▶

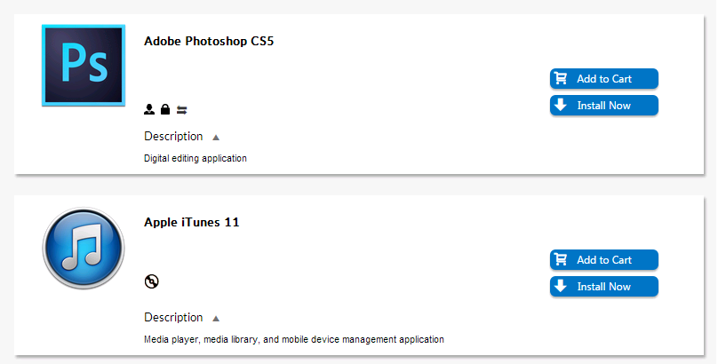 In addition to the product icon, product title, star rating, informational icons, and Add to Cart / Install Now buttons, the list view also includes a description of the catalog item, if one exists. You can click the arrow button next to the word Description to toggle between viewing and hiding the description.
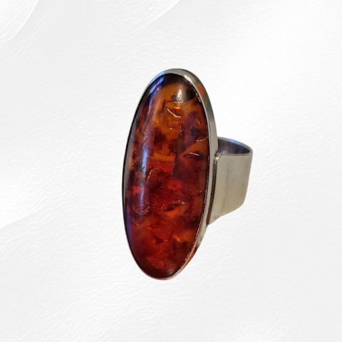 Rigtig fin sølvring med indsat rav klump sælges for 200,00 kr. Den er stemplet EST (Tror jeg) og 830S. Den har en indvendig diameter på 2 cm.
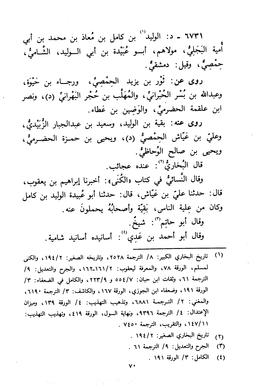 6731 - د: الْوَلِيد بن كَامِل بن معاذ بْن مُحَمَّد بْن أَبي أمية البجلي (1) ، مولاهم، أَبُو عُبَيدة بْن أَبي الْوَلِيد، الشامي، حمصي، وقيل: دمشقي.
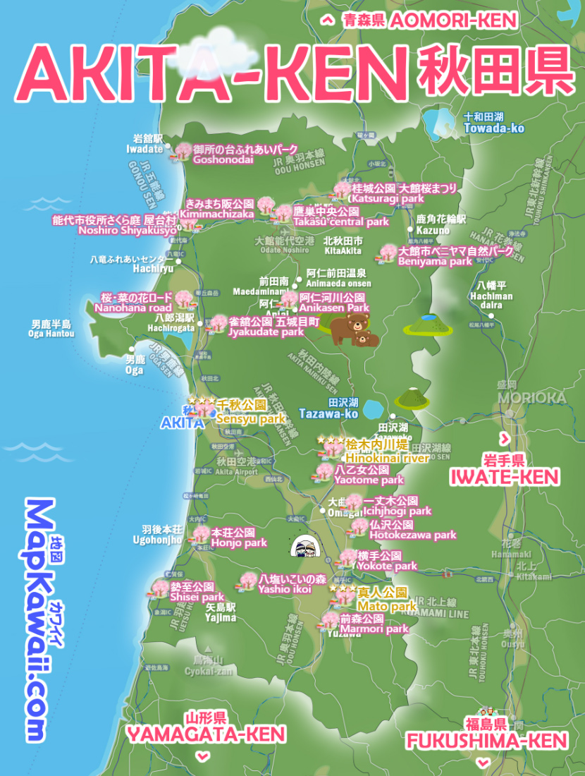 秋田・横手・大館・由利本荘、秋田県の桜の名所 お花見、わかりやすいデジタルマップをお作りしています。抱返り渓谷・角館武家屋敷・秋田駒ヶ岳・乳頭温泉郷・小安峡・田沢湖・十和田湖・須川高原・湯瀬渓谷・きみまち阪など、行ってよかった絶景モデルコース、47都道府県の名所、電車でドライブで日帰りで行くお勧めルート2026を続々追加中です。
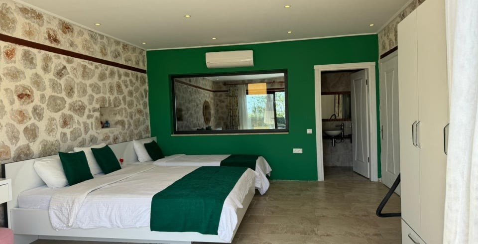1. Yatak Odası : Çift kişilik yatak ,klima, jakuzi, komodin, elbise dolabı, makyaj masası banyo ve tuvalet bulunmaktadır.
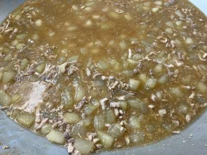 とうがんの煮ものは、夏が旬のとうがんをしょうぎ風味をきかせただしで煮ています。鶏肉と一緒に煮ることで、とても食べやすくおいしい一品になっていました。

◀

TO DO =>
Take the lines from the one containing "1. Yatak Odası" through the last line of the listing and repeat them exactly. Omit the pictures.

ANSWER BOX =>
1. Yatak Odası : Çift kişilik yatak ,klima, jakuzi, komodin, elbise dolabı, makyaj masası banyo ve tuvalet bulunmaktadır.
 とうがんの煮ものは、夏が旬のとうがんをしょうぎ風味をきかせただしで煮ています。鶏肉と一緒に煮ることで、とても食べやすくおいしい一品になっていました。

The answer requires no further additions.